*** RECORDS PROVIDED Section Begins ***

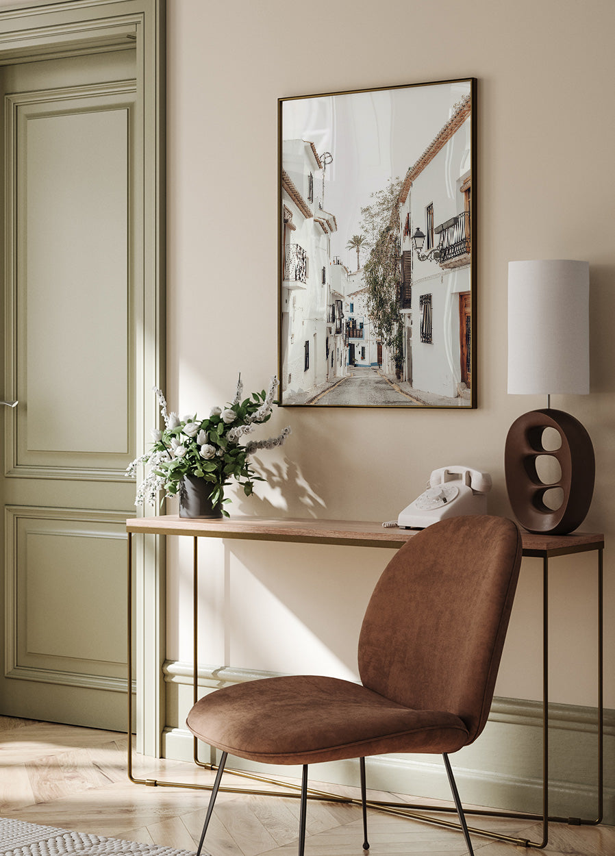 Bilde av en smal gate i en lys, hvit landsby med tradisjonell arkitektur. Husene har balkonger i smijern og små vinduer med persienner. En palme titter frem i bakgrunnen, og en stor grein henger ned fra et tre. Gaten er asfaltert og fører mot en uskarp bakgrunn, noe som gir en rolig og idyllisk atmosfære.
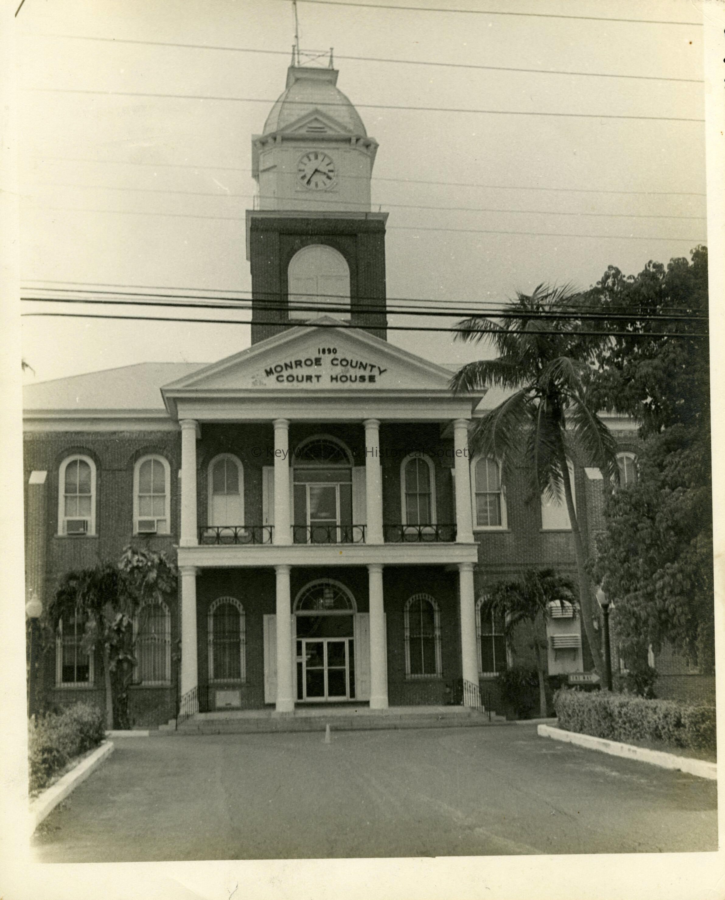 Black and white photograph of the Monroe County Courthouse at 500 Whitehead Street.
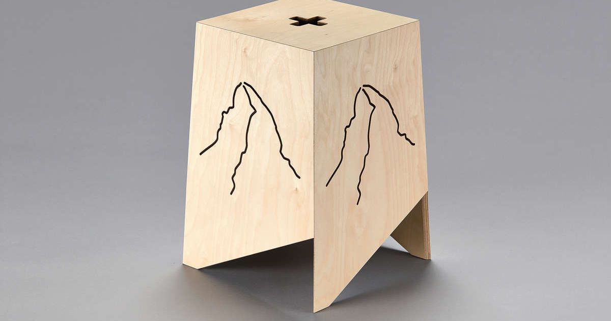 Der multifunktionale Hocker «Horu» zeigt seine Schweizer Herkunft. «Horu» bedeutet Matterhorn, dessen Kontur in die Flächen gefräst wurden. Mit einer Glühbirne hinterleuchtet wird schnell klar, dass die Konstruktion aus 9 mm dickem Birkensperrholz nicht nur Hocker oder Beistell-/Nachttisch ist, sondern auch ein Lichtobjekt.
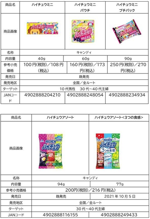 しゅわうまイチュウ各種、ハイチュウプレミアム各種、ハイチュウアソート各種、
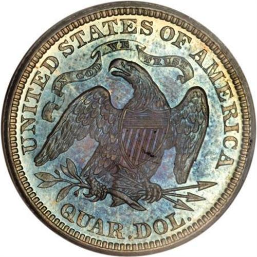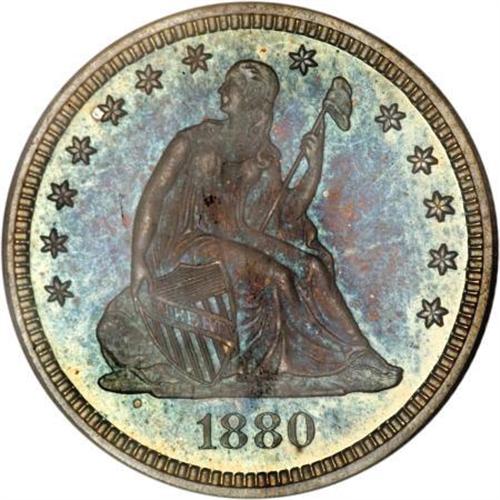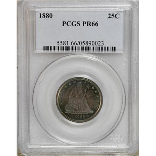 <B>1880 25C PR66 PCGS.</B></I> Type One Reverse. The overall preservation of this sharply struck exemplar is impressive, but the most elegant attribute of this quarter is its rich patina. Both sides show elegant sea-green patina at the watery peripheries that fades into sapphire and amethyst in the centers. A captivating survivor from this issue of 1,355 pieces. Population: 36 in 66, 15 finer (12/07).<BR><BR><B>Coin Engraver:</B> Christian Gobrecht<BR><BR><b>Shipping:</b> Coins & Currency (<a target="_blank" href="http://www.heritageauctions.com/common/shipping.php">view shipping information</a>)
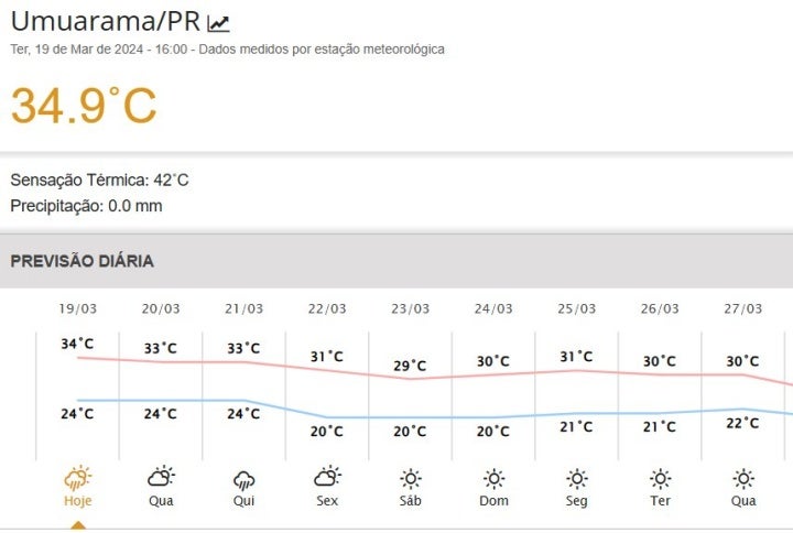 O último dia do verão está sendo de bastante calor em Umuarama. Nesta terça-feira (19) o instituto de meteorologia Simepar registrou sensação térmica de 42ºC por volta das 16h. No mesmo horário a temperatura era de 34,9ºC.
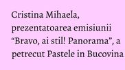 “Atmosfera de sarbatoare este minunata in Bucovina, oamenii te primesc cu caldura. M-a fascinat frumusetea oualor incondeiate si pictate de oamenii priceputi ai locului. In noaptea de Inviere am fost la manastirea Voronet si am luat lumina. Manastirile din aceasta regiune sunt de basm! A fost o calatorie superba!”, a povestit Cristina Mihaela.

*** RECORDS PROVIDED Section Ends ***

Nothing outside the stretch above, from the line with "Black and white" through the line with "しゅわうまイチュウ各種、ハイチュウプレミアム各種、ハイチュウアソート各種、", is set down. Transcribe that stretch exactly, ends included, but not its pictures.

THE COMPLETED TASK —
 Black and white photograph of the Monroe County Courthouse at 500 Whitehead Street.
 Der multifunktionale Hocker «Horu» zeigt seine Schweizer Herkunft. «Horu» bedeutet Matterhorn, dessen Kontur in die Flächen gefräst wurden. Mit einer Glühbirne hinterleuchtet wird schnell klar, dass die Konstruktion aus 9 mm dickem Birkensperrholz nicht nur Hocker oder Beistell-/Nachttisch ist, sondern auch ein Lichtobjekt.
 しゅわうまイチュウ各種、ハイチュウプレミアム各種、ハイチュウアソート各種、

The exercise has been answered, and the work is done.